The core of the problem trickles down to weak CI/CD configurations that grant pull requests (PRs) more permissions than they should have.
How exactly do their competitors like codeberg do better in preventing that?
I’m no expert in this but I’m guessing GH’s higher tiers provide much more “actions” and whatnot than Codeberg does. AFAICS Gitlab might be the only alternative that even has the mechanisms that could be exploited.
But executing code in a comment, that’s harsh in any case. I mean, even I would’ve known how to prevent that right from the start. I think.
The article doesn’t seem to say. I don’t know if it’s a problem with defaults or caused by the devs themselves.
By default pull requests my new contributors require approval from someone with write-access to the repo before running actions.

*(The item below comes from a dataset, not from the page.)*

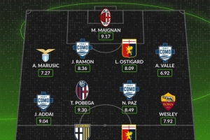 whoscored本輪意甲最佳陣:
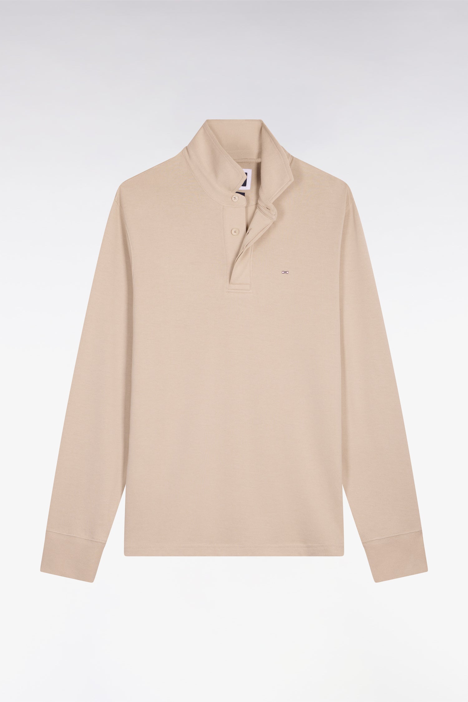 Ce maillot à manches longues en jersey de coton Pima incarne l’élégance décontractée chère à la Maison tout en soutenant une mode plus écoresponsable, le coton Pima étant une fibre naturelle à la culture plus économe en eau. Doux et résistant, il offre un confort durable saison après saison. Doté d’une coupe regular droite et d’un col maillot, il se distingue par ses poignets en bords-côtes et ses boutons ovales inspirés du ballon de rugby, signature emblématique Eden Park. Orné de notre nœud papillon brodé sur la poitrine, ce modèle iconique se décline dans une large palette de coloris pour accompagner chaque journée avec style et confort.

These repos have specifically decided to change a setting to make them not require approval for anyone. The UI to change that setting explicitly warns you about exactly this attack, so this “article” feels like a non-item trying to farm engagement.
As far as I can tell it requires GitHub actions to be enabled for pull requests, which you can require approval for. I just quickly read the top of the article so I could be wrong
That sounds big & creepy:
On Microsoft’s Azure Sentinel, for example, Novee found a comment on a PR that could run anonymous attacker code on Microsoft’s CI and steal a non-expiring GitHub App key.
I wonder if/how alternative VCS platforms that provide similar workflow services are affected.